» Work instruction
Type the data below again exactly. Omit all pictures.

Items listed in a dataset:
□ □ □

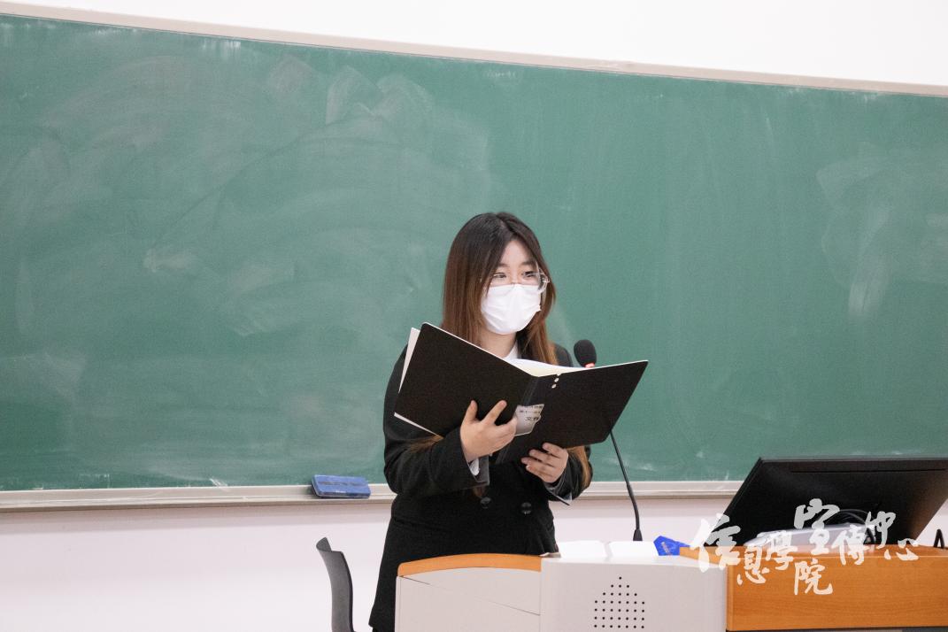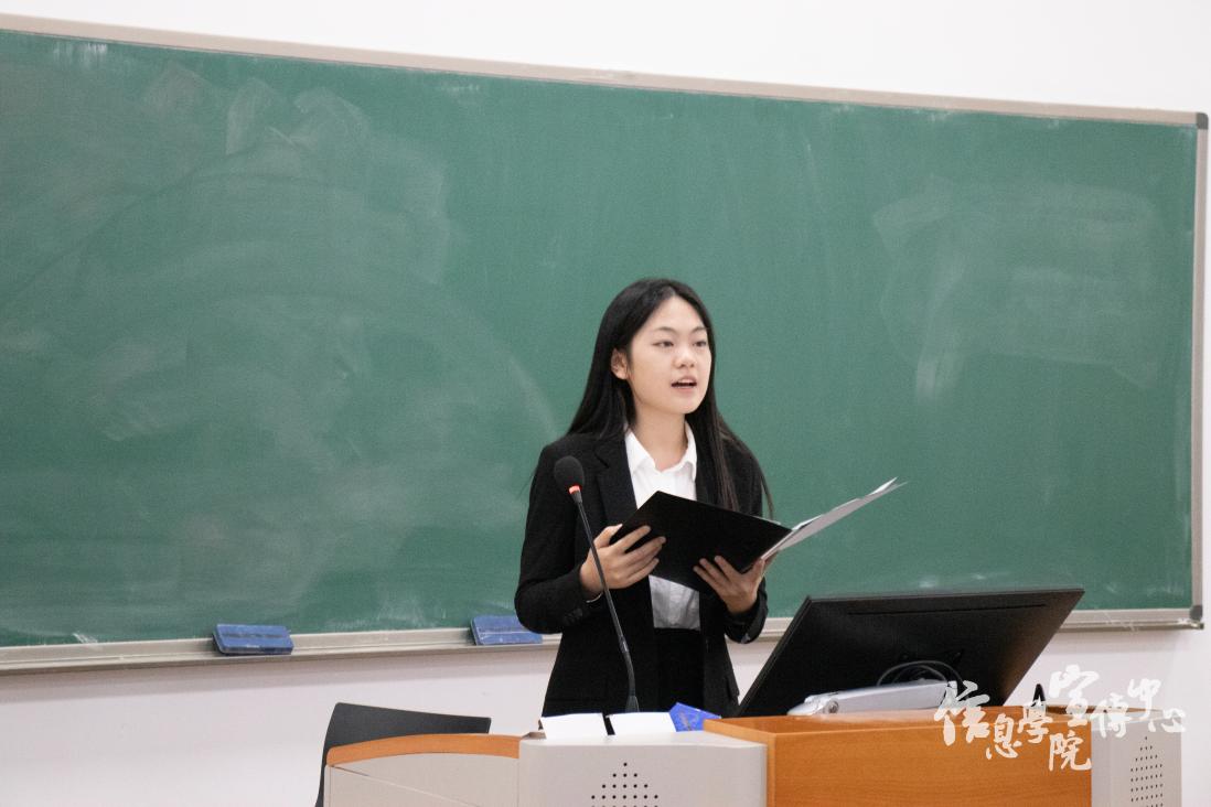 接下来由赵雨涵同学发表致辞。她提出,希望学生组织聚焦主责主业,坚持思想引领;希望同学们树立崇高理想,恪守学生本分,努力学习知识,提高内在素质,以实际行动回应党和国家的殷切期望,同时她也祝愿水果派解说 的明天更加美好。
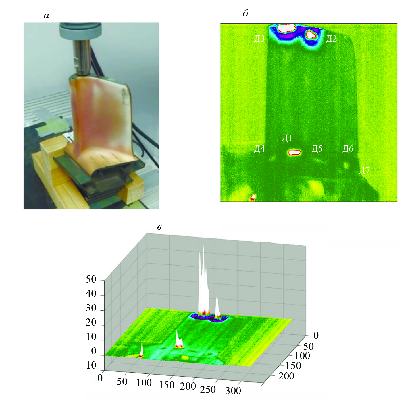 При вводе УЗ колебаний в торец пера лопатки (точка № 3) при контроле стороны А были обнаружены дефекты Д4—Д7, расположенные в зоне примыкания пера лопатки к полке (см. результаты на рис. 6). Наличие данных дефектов было подтверждено с помощью капиллярного НК (результаты схематично отмечены на рис. 7). Для большей наглядности уровня температурных сигналов в зонах дефектов Д1—Д3 по сравнению с температурными сигналами дефектов Д4—Д7, находящихся в зоне перехода пера лопатки в полку, на рис. 6в приведена термограмма в трехмерном представлении.
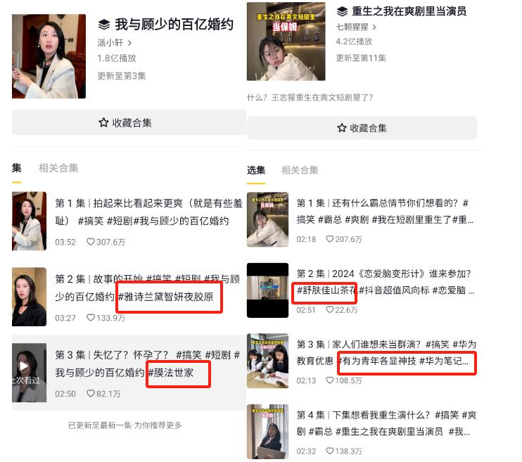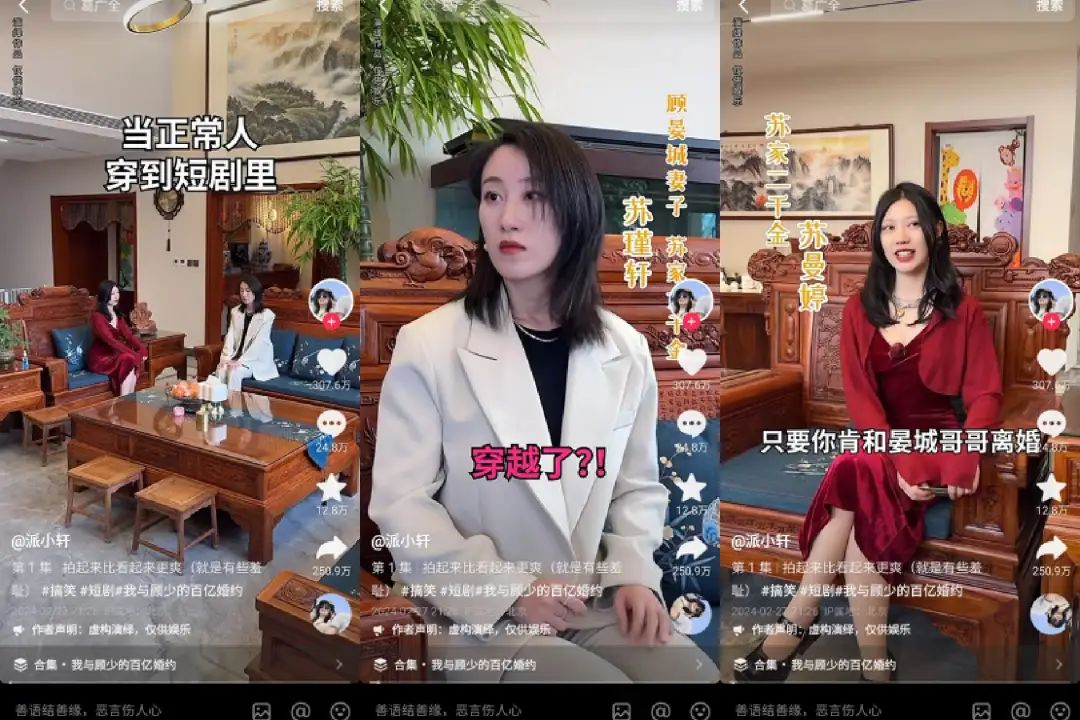 这条视频不仅获赞超300万,也拉开了《我与顾少的百亿婚约》系列的序幕,“派小轩”不断穿越为剧中女主角,上演了一出出短剧“剧中剧”。
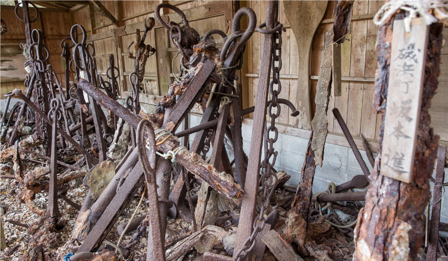 「漁師さんが網を引くでしょう。そうして海に沈んでいる錨が網にかかったら、引き上げてここに奉納して、お祓いを受けるんです。それから金物除けと言って、漁に出て、船から誤って包丁とかの金物を海に落としたら、すぐに漁を止めて神社に来てお祓いを受けるんです。なぜかというと、辰や巳が水の神様でもあるんですが、辰や巳の神様は金物を嫌うんですよ。海に落としたら神様が怒るから。お祓いを受けて怒りを沈めないといけないんです。海は大切な仕事場ですからね」
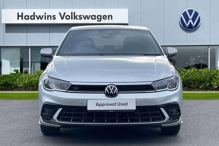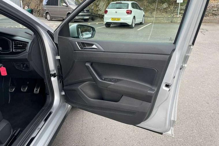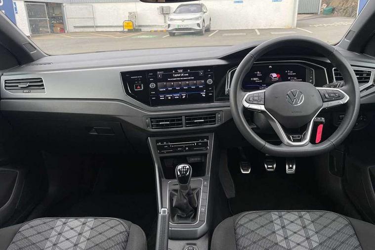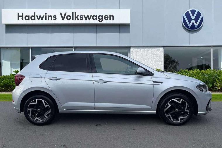 Advanced driver attention and drowsiness monitor, Bluetooth mobile phone interface, Digital Cockpit Pro with 10.25" Display, Dynamic road sign display, Emergency call service, Mobile phone preparation with inductive charging function, Multifunction camera, Power assisted speed sensitive steering, Predictive adaptive cruise control without follow-to-stop and speed limiter, Preparation for We connect and We connect plus, Speedo and rev counter, electronic odometer, trip, service interval display and fuel gauge, Standard rear axle, Travel Assist - Lane keeping system and traffic jam assist, Travel assist including emergency assist, Trip computer, Warning signal and warning light for front and rear seatbelts not fastened, Washer fluid level indicator, Wireless app connect, Front wheel drive, Rear shock absorpion, Start-stop system with battery regeneration (recuperation - energy recovery during braking), DAB Digital radio, Diversity antenna for FM reception, Body colour bumpers, Body colour door handles, Electric front windows, Front scuff plates with R-Line logo, Heat insulating glass windscreen, Power folding adjustable/heated exterior mirrors and front passenger exterior mirror lowering function, Rear electric windows, Rear fog light, Rear side wing doors, Rear windscreen washer and wiper with interval delay, Third brake light, 12V power socket in centre console, 2 USB-C ports in the front, 2 USB-C charging sockets on the center console in the rear, 3 rear head restraints, 60/40 split folding rear seat and rear seat bench not split, Air care climatronic air conditoning system with active combination filter and 2-zone temperature control, Black roof lining, Carpet mats, front and rear, Chrome plated radiator grille inserts, air vent surrounds and light switch surrounds, Door and side trim panel, Driver and front passenger seat height adjustment, Driver/passenger sunvisors with illuminated vanity mirrors, Front centre armrest, Front footwell illumination, Front seat backrest storage pockets, Front sports comfort seats, Handbrake lever handle in leather, Headliner in recycled material, Isofix child seat preparation easy-fit (for two outer rear seats, and front passenger seat) compatible with I-size, Karoso artvelours cloth upholstery, Leather trimmed gear knob, LED interior light with switch off delay and dimmer, 2 reading lights front and rear, Luggage compartment cover, Luggage compartment floor, Luggage compartment lighting, Lumbar adjustment for front seats, Multifunction steering wheel, Single front passenger seat, Stainless steel pedals, Standard pedal cluster, Light and sight pack - Polo R-Line/Black Edition, 3 point height adj front seatbelts + pretensioners, 3x3 point rear seatbelts, ABS, Driver and front passenger airbag with front passenger airbag deactivation, Drivers and front passengers safety optimised head restraints, ESC (Electronic stability control) + EDL (Electronic Differntial lock) and ASR (Traction control), Extended and predictive pedestrian/ cyclist protection, Front curtain and side airbags with center airbag, Hill hold control, Manual child lock in rear doors, Single tone horn, Tyre pressure loss indicator, Alarm with interior protection, Anti-theft alarm system with interior monitoring, backup horn, and towing protection, Anti-theft wheel bolts, Electronic engine immobiliser, Chrome applications on rotary light, mirror adjustment, window regulator switches, outlet with frame in black, Dark grey anodised matt decorative inserts in dash and front door panels, 16" Coventry alloy wheels, Low rolling resistance tyres,
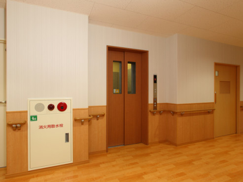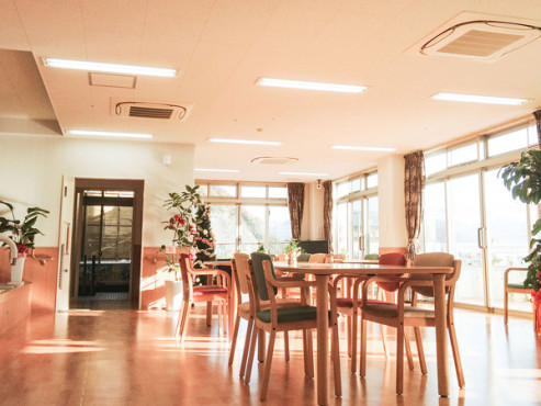 浴室、洗濯室、共用トイレ、エレベーター、食堂、キッチン、ホール、デイルーム、デイサービス浴室
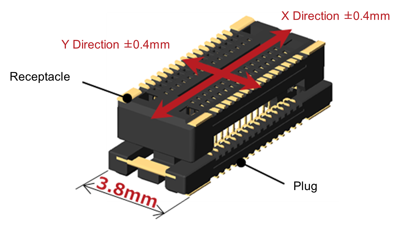Avec une largeur de 3,8mm pour une marge de +/-0,4mm, ces BM54 sont annoncés par le Japonais comme étant les plus compacts de leur catégorie. Dans le sens de la hauteur, la tolérance atteint +/-0,3mm pour les modèles de 3mm d’épaisseur et +/-0,4mm pour ceux de 3,5 à 4,5mm. Supportant des températures maximales de 125°C, les BM54 permettent par exemple de véhiculer des signaux sur des liaisons PCIe Gen4 et MIPI D-PHY. Le premier modèle disponible en volume est haut de 3mm et comporte 30 contacts. Sont également prévus des versions à 10, 20, 30 et 40 contacts mesurant 3, 3,5, 4 et 4,5mm d’épaisseur. Hirose envisage en outre de lancer des connecteurs flottants similaires ciblant des applications grand public et industrielles.
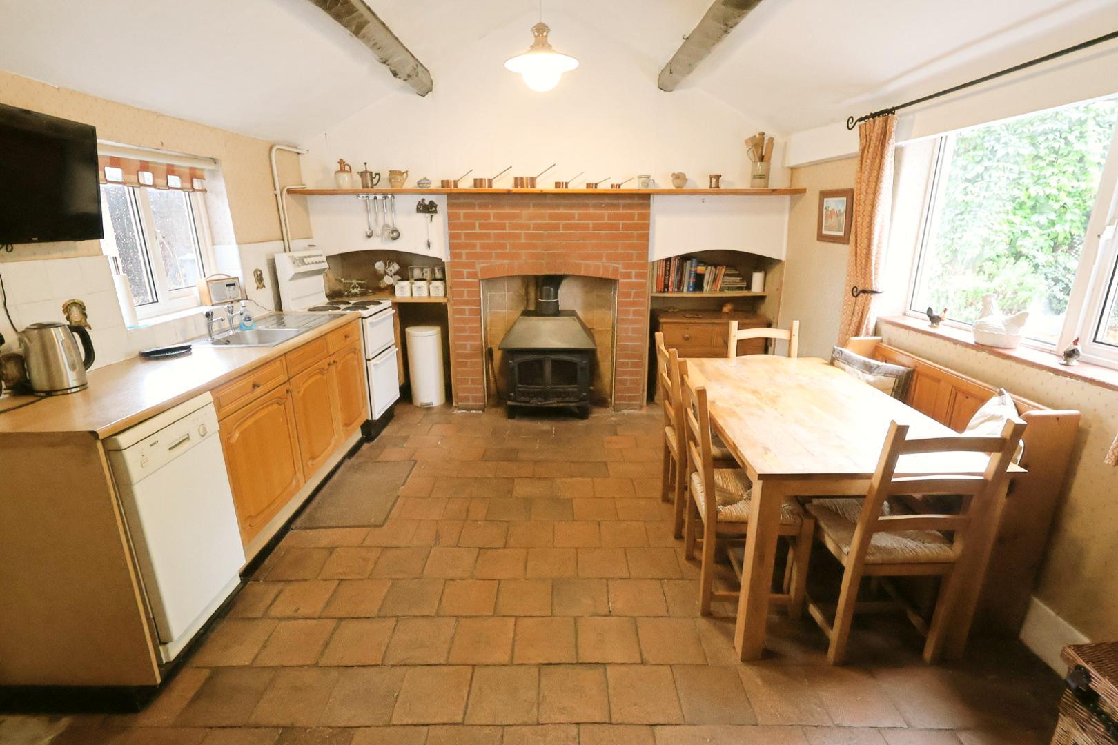 Laid with quarry tile flooring throughout, the kitchen has UPVC double-glazed windows to both front and rear elevations. It features a vaulted ceiling with exposed beams and a range of light oak-style base units with work surfaces. A stainless steel single drainer sink is set against tiled splashbacks, and an ornamental cast-iron solid fuel burner sits within an exposed brick flue. A timber panel door opens to the walk-in pantry, and another door leads to the rear hallway.

□ □ □

» Solution
 接下来由赵雨涵同学发表致辞。她提出,希望学生组织聚焦主责主业,坚持思想引领;希望同学们树立崇高理想,恪守学生本分,努力学习知识,提高内在素质,以实际行动回应党和国家的殷切期望,同时她也祝愿水果派解说 的明天更加美好。
 При вводе УЗ колебаний в торец пера лопатки (точка № 3) при контроле стороны А были обнаружены дефекты Д4—Д7, расположенные в зоне примыкания пера лопатки к полке (см. результаты на рис. 6). Наличие данных дефектов было подтверждено с помощью капиллярного НК (результаты схематично отмечены на рис. 7). Для большей наглядности уровня температурных сигналов в зонах дефектов Д1—Д3 по сравнению с температурными сигналами дефектов Д4—Д7, находящихся в зоне перехода пера лопатки в полку, на рис. 6в приведена термограмма в трехмерном представлении.
 这条视频不仅获赞超300万,也拉开了《我与顾少的百亿婚约》系列的序幕,“派小轩”不断穿越为剧中女主角,上演了一出出短剧“剧中剧”。
 「漁師さんが網を引くでしょう。そうして海に沈んでいる錨が網にかかったら、引き上げてここに奉納して、お祓いを受けるんです。それから金物除けと言って、漁に出て、船から誤って包丁とかの金物を海に落としたら、すぐに漁を止めて神社に来てお祓いを受けるんです。なぜかというと、辰や巳が水の神様でもあるんですが、辰や巳の神様は金物を嫌うんですよ。海に落としたら神様が怒るから。お祓いを受けて怒りを沈めないといけないんです。海は大切な仕事場ですからね」
 Advanced driver attention and drowsiness monitor, Bluetooth mobile phone interface, Digital Cockpit Pro with 10.25" Display, Dynamic road sign display, Emergency call service, Mobile phone preparation with inductive charging function, Multifunction camera, Power assisted speed sensitive steering, Predictive adaptive cruise control without follow-to-stop and speed limiter, Preparation for We connect and We connect plus, Speedo and rev counter, electronic odometer, trip, service interval display and fuel gauge, Standard rear axle, Travel Assist - Lane keeping system and traffic jam assist, Travel assist including emergency assist, Trip computer, Warning signal and warning light for front and rear seatbelts not fastened, Washer fluid level indicator, Wireless app connect, Front wheel drive, Rear shock absorpion, Start-stop system with battery regeneration (recuperation - energy recovery during braking), DAB Digital radio, Diversity antenna for FM reception, Body colour bumpers, Body colour door handles, Electric front windows, Front scuff plates with R-Line logo, Heat insulating glass windscreen, Power folding adjustable/heated exterior mirrors and front passenger exterior mirror lowering function, Rear electric windows, Rear fog light, Rear side wing doors, Rear windscreen washer and wiper with interval delay, Third brake light, 12V power socket in centre console, 2 USB-C ports in the front, 2 USB-C charging sockets on the center console in the rear, 3 rear head restraints, 60/40 split folding rear seat and rear seat bench not split, Air care climatronic air conditoning system with active combination filter and 2-zone temperature control, Black roof lining, Carpet mats, front and rear, Chrome plated radiator grille inserts, air vent surrounds and light switch surrounds, Door and side trim panel, Driver and front passenger seat height adjustment, Driver/passenger sunvisors with illuminated vanity mirrors, Front centre armrest, Front footwell illumination, Front seat backrest storage pockets, Front sports comfort seats, Handbrake lever handle in leather, Headliner in recycled material, Isofix child seat preparation easy-fit (for two outer rear seats, and front passenger seat) compatible with I-size, Karoso artvelours cloth upholstery, Leather trimmed gear knob, LED interior light with switch off delay and dimmer, 2 reading lights front and rear, Luggage compartment cover, Luggage compartment floor, Luggage compartment lighting, Lumbar adjustment for front seats, Multifunction steering wheel, Single front passenger seat, Stainless steel pedals, Standard pedal cluster, Light and sight pack - Polo R-Line/Black Edition, 3 point height adj front seatbelts + pretensioners, 3x3 point rear seatbelts, ABS, Driver and front passenger airbag with front passenger airbag deactivation, Drivers and front passengers safety optimised head restraints, ESC (Electronic stability control) + EDL (Electronic Differntial lock) and ASR (Traction control), Extended and predictive pedestrian/ cyclist protection, Front curtain and side airbags with center airbag, Hill hold control, Manual child lock in rear doors, Single tone horn, Tyre pressure loss indicator, Alarm with interior protection, Anti-theft alarm system with interior monitoring, backup horn, and towing protection, Anti-theft wheel bolts, Electronic engine immobiliser, Chrome applications on rotary light, mirror adjustment, window regulator switches, outlet with frame in black, Dark grey anodised matt decorative inserts in dash and front door panels, 16" Coventry alloy wheels, Low rolling resistance tyres,
 浴室、洗濯室、共用トイレ、エレベーター、食堂、キッチン、ホール、デイルーム、デイサービス浴室
Avec une largeur de 3,8mm pour une marge de +/-0,4mm, ces BM54 sont annoncés par le Japonais comme étant les plus compacts de leur catégorie. Dans le sens de la hauteur, la tolérance atteint +/-0,3mm pour les modèles de 3mm d’épaisseur et +/-0,4mm pour ceux de 3,5 à 4,5mm. Supportant des températures maximales de 125°C, les BM54 permettent par exemple de véhiculer des signaux sur des liaisons PCIe Gen4 et MIPI D-PHY. Le premier modèle disponible en volume est haut de 3mm et comporte 30 contacts. Sont également prévus des versions à 10, 20, 30 et 40 contacts mesurant 3, 3,5, 4 et 4,5mm d’épaisseur. Hirose envisage en outre de lancer des connecteurs flottants similaires ciblant des applications grand public et industrielles.
 Laid with quarry tile flooring throughout, the kitchen has UPVC double-glazed windows to both front and rear elevations. It features a vaulted ceiling with exposed beams and a range of light oak-style base units with work surfaces. A stainless steel single drainer sink is set against tiled splashbacks, and an ornamental cast-iron solid fuel burner sits within an exposed brick flue. A timber panel door opens to the walk-in pantry, and another door leads to the rear hallway.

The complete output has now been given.